Во время русско-японской войны шел очень оживленный обмен шифрованными сообщениями между Японией, с одной стороны, и Англией и Германией, — с другой. Код, который при этом использовался, был составлен на английском языке и имел пять различных ключей. Кривошу-Неманичу удалось раскрыть три ключа, с помощью которых разбиралось большинство перехватываемых телеграмм. В Париже, а, как известно, Франция была союзницей России в этой войне, также работали над раскрытием этого кода. Там были также раскрыты два ключа к нему: один из тех, что уже знал Кривош-Неманич, а другой особый. Дешифрованные японские телеграммы французы пересылали в Россию. Таким образом, неизвестным для дешифровальщиков России и Франции оставался один ключ. В этой ситуации Министерство иностранных дел командировало Кривоша-Неманича в Париж для совместной работы с французами. Французы приняли российского криптографа, снабженного соответствующими бумагами, как своего человека и ввели его в святая святых своей секретной службы — в «Surete generale», где он и проработал около десяти дней, пока не был открыт пятый способ применения японского кода. Кривош-Неманич был первым русским криптографом, подробно познакомившимся с работой дешифровальной службы Франции того времени. Эти сведения были, безусловно, с успехом русскими использованы, а многие полезные вещи внедрены в практику.

Из архивных документов видно, что дешифровальщики-аналитики МИД России работали успешно и накануне и в первый год Первой мировой войны. В 1913—1914 гг. они раскрыли 2 939 телеграмм из переписки государств из коалиции противника, в том числе: австрийских — 569, германских — 171, болгарских —246, турецких — 181.

Дешифровальщики всегда работали в тесном контакте с разведкой, одна из важнейших задач которой была выкрасть код, сфотографировать его, естественно, положив затем на место, дабы не скомпрометировать. Ставилась и более трудная, но и более эффективная задача — внедрить агента в среду противника, имеющую доступ к шифрам и кодам. Эта сторона работы разведки описана в литературе достаточно подробно.

Огромным подспорьем для раскрытия шифров и кодов являлись полученные агентурным путем открытые тексты, которые можно было привязать к соответствующим шифрованным сообщениям. Для кодов, например, это сразу давало достаточное число раскрытых кодовых групп, после чего значительно облегчалась работа по дешифрованию других сообщений. Зачастую коды просто-напросто покупались и продавались. Европейским центром такой деятельности разведок того времени была Вена — сердце балканских государств, где сталкивались интересы многих стран. В Вене производились всевозможные сделки по покупке и продаже копий секретных документов, писем, карт, кодов, планов, чертежей и т. п. Там Германия агентурным путем приобрела английский военно-морской шифр, Австро-Венгрия получила итальянский шифр.

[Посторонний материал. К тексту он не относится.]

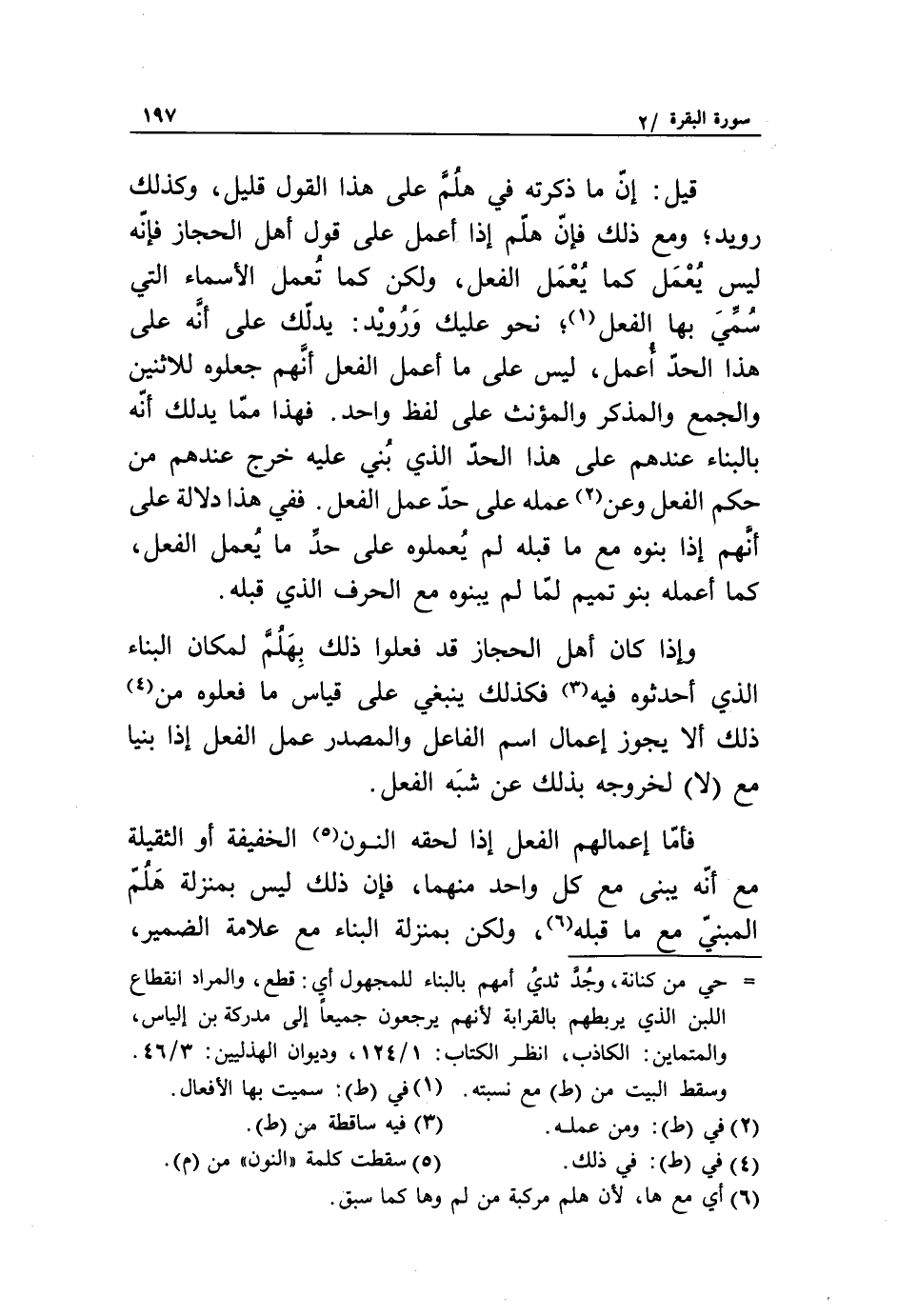 فأمّا إعمالهم الفعل إذا لحقه النون «5» الخفيفة أو الثقيلة مع أنّه يبنى مع كل واحد منهما، فإن ذلك ليس بمنزلة هلمّ المبنيّ مع ما قبله «6»، ولكن بمنزلة البناء مع علامة الضمير،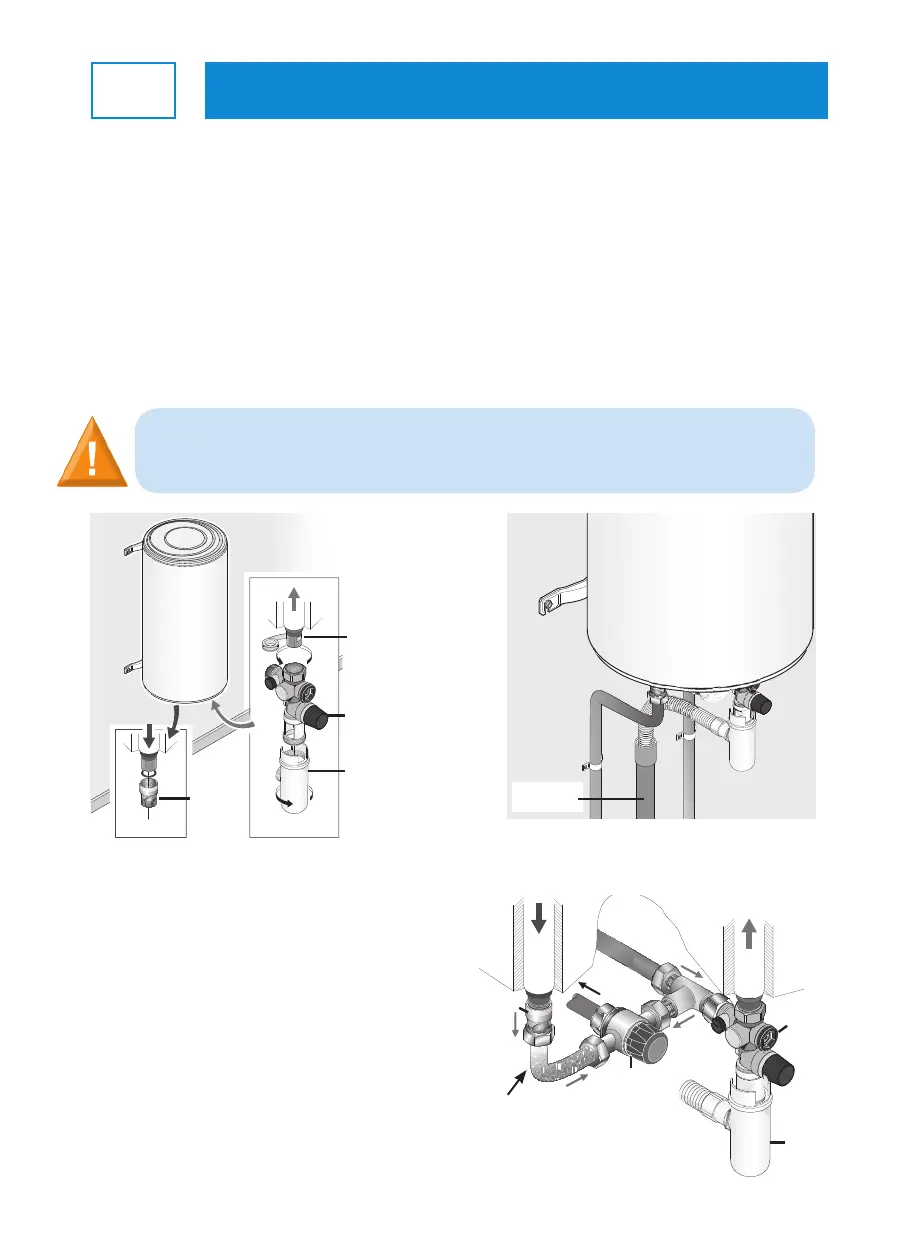 Place the siphon under the safety unit and connect its drain pipe to the drain.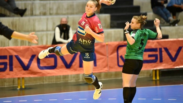Il recupero della quinta giornata di campionato sorride alla Jomi Salerno che ha incamerato la seconda vittoria in quattro giorni superando tra le mura amiche l’Alì Best Espresso Mestrino. Sfida complicata sulla carta visto che le ospiti erano reduci da cinque successi in altrettanti incontri, resa più semplice del previsto da una buona prova delle campionesse d’Italia. Primo tempo con alti e bassi dove le ragazze di Laura Avram, con la solita scatenata Manojolovic, sono state capaci di fare il break e salire 12-4 prima di farsi recuperare concedendo un po’ troppo con la compagine ospite che ha chiuso il primo tempo a meno quattro sul 17-13. Nella ripresa la Jomi Salerno ha dimostrato anche di saper soffrire tenendo botta al ritorno di Mestrino. La partita alla fine è stata vinta dalla compagine di casa guidata dalle scatenate Maonojlovic e Dalla Costa, entrambe autrici di otto reti, terminali offensivi di una manovra che sembra migliorare partita dopo partita. Il 30-24 porta in dote anche due pesantissimi punti che regalano il secondo posto in classifica a quota 11 ad una sola lunghezza da Bressanone che è in testa a punteggio pieno. Sabato si torna in campo, ancora alla Palumbo, dove arriverà il Leno fermo a tre punti in classifica. Match che servirà anche per preparare la sfida del terzo turno di European Cup che andrà in scena nel week end successivo.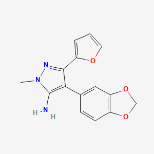 InChI=1S/C15H13N3O3/c1-18-15(16)13(14(17-18)11-3-2-6-19-11)9-4-5-10-12(7-9)21-8-20-10/h2-7H,8,16H2,1H3 | |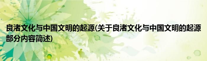 良渚文化与中国文明的起源(关于良渚文化与中国文明的起源部分内容简述)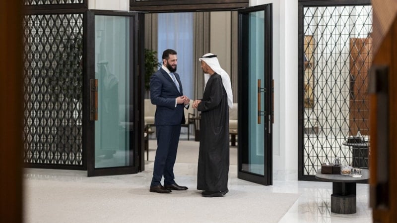 Eş-Şara, resmi temaslarda bulunmak üzere Birleşik Arap Emirlikleri’ne (BAE) geldi. Suriyeli lider ziyareti kapsamında BAE Devlet Başkanı Şeyh Muhammed bin Zayid Al Nahyan ile bir araya geldi.

Известна история вербовки русской разведкой начальника отдела австрийской разведки и контрразведки полковника Альфреда Редля. Еще в 1902 г. он за большую сумму продал России копию единственного военного словарного кода Австрии, равно как и австрийские планы ведения войны на Восточном фронте. Несмотря на то, что Редль был разоблачен еще за два г. до начала войны, австрийская армия потерпела поражение в Голиции в самом начале войны с Россией [18].

В конце ХIХ — начале ХХ века Россия активно использовала возможности подкупа иностранцев, имевших доступ к шифрам, кодам, шифрованной переписке. Особо важная корреспонденция иностранных дипломатов не отправлялась по почте, а обычно упаковывалась в специальные портфели с секретными замками и отправлялась к месту назначения с особыми курьерами. В результате она не попадала в «черный кабинет» и не могла быть перлюстрирована обычным образом. Однако из этого положения разведчики выходили с легкостью, обычно пуская в ход презренный металл. Майский свидетельствует, что не было случая, чтобы золото не открывало замок портфеля и не давало возможность всего за несколько минут взглянуть глазом объектива фотоаппарата на содержание тщательно запечатанных вложений портфеля. В этих делах все сводилось только к тому, во сколько червонцев обойдется вся эта манипуляция. Здесь кстати будет заметить, что все или почти эти курьеры, фельдъегери, служители и пр. были подкуплены. За весьма небольшую мзду, выплачиваемую им помесячно или поштучно, они приносили в указанное место не только все содержимое корзины у письменного стола своих господ, но и копировальные книги из канцелярий, черновики их писаний, подлинники получаемых писем и официальных донесений и даже целые коды и шифровальные ключи. Для достижения этого им приходилось брать у спящего хозяина ключи от письменного стола или от несгораемого шкафа, снимать с них отпечаток из воска и заказывать дубликаты ключей или пускать ночью в канцелярию посольства таких лиц, которые могли бы выбрать то, что было нужно. «Поражаться надо было доверию некоторых послов к своим лакеям, которые продавали их за гроши. Однажды произошел такой случай: вместо одного посла великой державы был назначен другой, который должен был с собой привезти весь новый штат служащих, так как прежний посол старым своим слугам не доверял, но в письме к новому послу он очень ходатайствовал за одного, по его выражению, «незаменимого» человека, своего выездного лакея, т. е. именно за то лицо, которое за незначительное месячное вознаграждение доставало из посольства все, что было угодно», — писал Майский.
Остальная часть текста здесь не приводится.